* **Recorded data**
============================================================

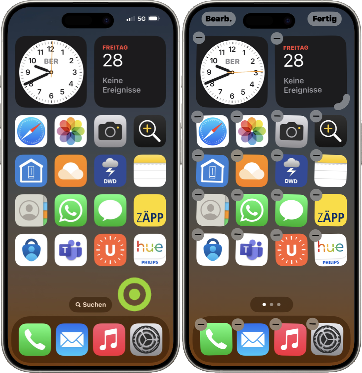 Du kannst auch länger auf ein Icon tippen und die dazugehörige App über diesen Weg entfernen.
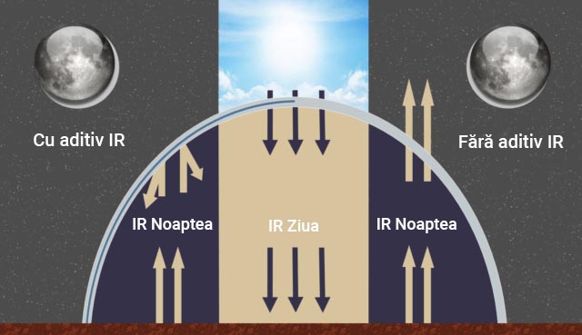 IR – este aditivul din componenta foliei care blocheaza sau impiedica pierderea de caldura acumulata in timpul zilei. Aceasta proprietate se numeste “efect termic”.
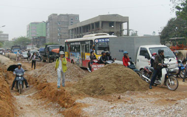 Làm đường thường gây ùn tắc giao thông, nhưng nếu cơ quan chức năng và đơn vị thi công có biện pháp điều tiết giao thông qua đoạn này hợp lý thì sẽ đỡ khổ cho dân.

============================================================

* **What to produce**
Restate word for word each line from the one containing "IR – este aditivul" through the end of the material, pictures excluded.

* **Solution**
 IR – este aditivul din componenta foliei care blocheaza sau impiedica pierderea de caldura acumulata in timpul zilei. Aceasta proprietate se numeste “efect termic”.
 Làm đường thường gây ùn tắc giao thông, nhưng nếu cơ quan chức năng và đơn vị thi công có biện pháp điều tiết giao thông qua đoạn này hợp lý thì sẽ đỡ khổ cho dân.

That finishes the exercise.